Source: National Child Abuse and Neglect Data System (NCANDS), which aggregates and publishes statistics from state child protection agencies.

Funny enough, I’ve found that people are sometimes hesitant to share the news that rates of childhood sexual abuse have significantly decreased since we first began measuring them in the early ’90s.

One woman told me, “People already have trouble believing it’s as bad as it is.” But, I don’t think this justifies misleading the public by withholding information from them.

As best we can know them, we should share the facts. And since I believe and others have shown that boosting the public’s morale helps rather than hinders civil rights movements, if we have good news to share- we should be sharing it.

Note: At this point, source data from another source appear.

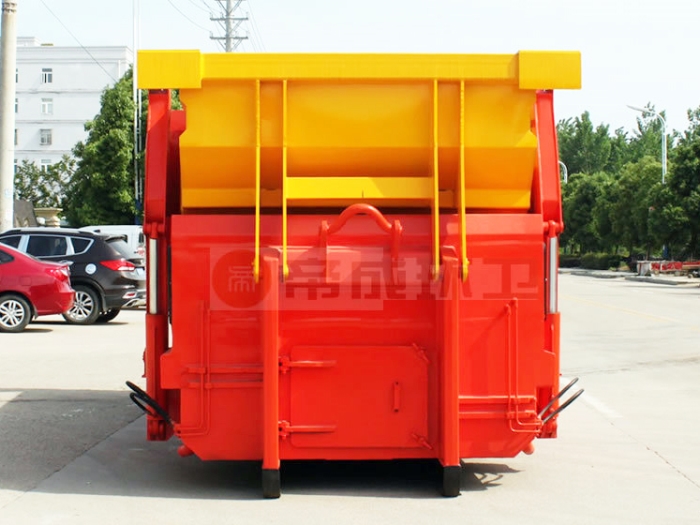 ② 箱體,主體采用高強(qiáng)度鋼板組焊而成,箱體側(cè)板采用2500寬5mm厚Q345猛鋼整板一次壓制成形,整體采用流線型設(shè)計(jì),是垃圾的填裝與儲(chǔ)存的主要空間。與尾門配合處安裝有進(jìn)口密封條,與壓縮機(jī)連接處設(shè)置有防回彈裝置。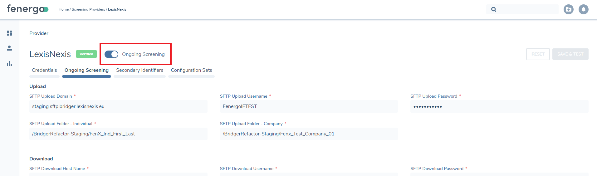 The screening provider configuration inside The Fenergo SaaS Platform has an "Ongoing Screening" setting which can be enabled inside the configuration screen. This is applied to all Screening Activities performed via the UI / Journeys.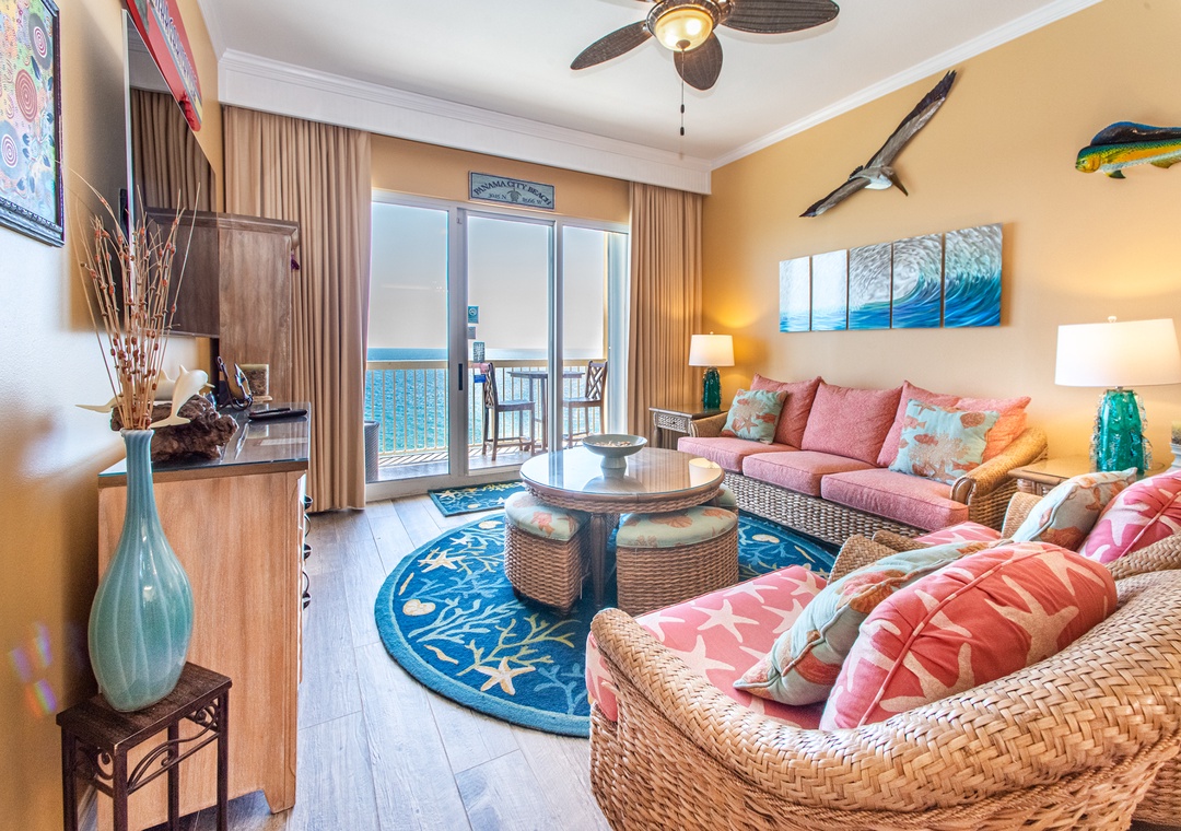 In the heart of Panama City Beach, Calypso Resort features TWO beachfront 23-story towers. The resort includes 2 large beachfront pools (seasonally heated), surrounded by a patio studded with palm trees, chaises, and tables where you can enjoy a snack or a game of cards while listening to the surf lap onto the sugar-white sands. There’s even a tiki bar in season, so you can enjoy a piña colada after your swim. And if swimming, kayaking, paddle boarding, canoeing, or windsurfing in the Gulf isn’t enough exercise for you, the complex also has a fitness center!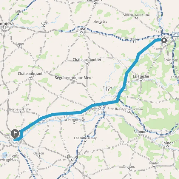 Prendre à droite et rejoindre A11 E50. Continuer sur 3,2 kilomètres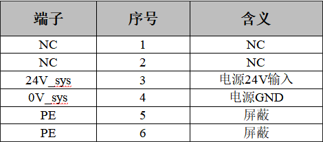 GCAN-IO-8201 EtherCAT總線耦合器的電源接線端子排如圖所示。GCAN-IO-8201 EtherCAT總線耦合器包含6個(gè)端子,各個(gè)端子對(duì)應(yīng)的序號(hào)及其含義如表所示。

In his book, The Tipping Point, Malcom Gladwell reminds us what is most effective when attempting to change harmful social norms: 1. Boost morale 2. Take a firmer stance on lower level offenses.

He cites the strategies that led to significant decreases in crime rates in New York City beginning in the mid 1990s, as an example.

I copied and pasted the rest of the information in this post directly from the source. David Finklehor and The Crimes Against Children Research Center are considered long standing experts in the field. To read or download the entire PDF go to:

I welcome your comments and/or questions.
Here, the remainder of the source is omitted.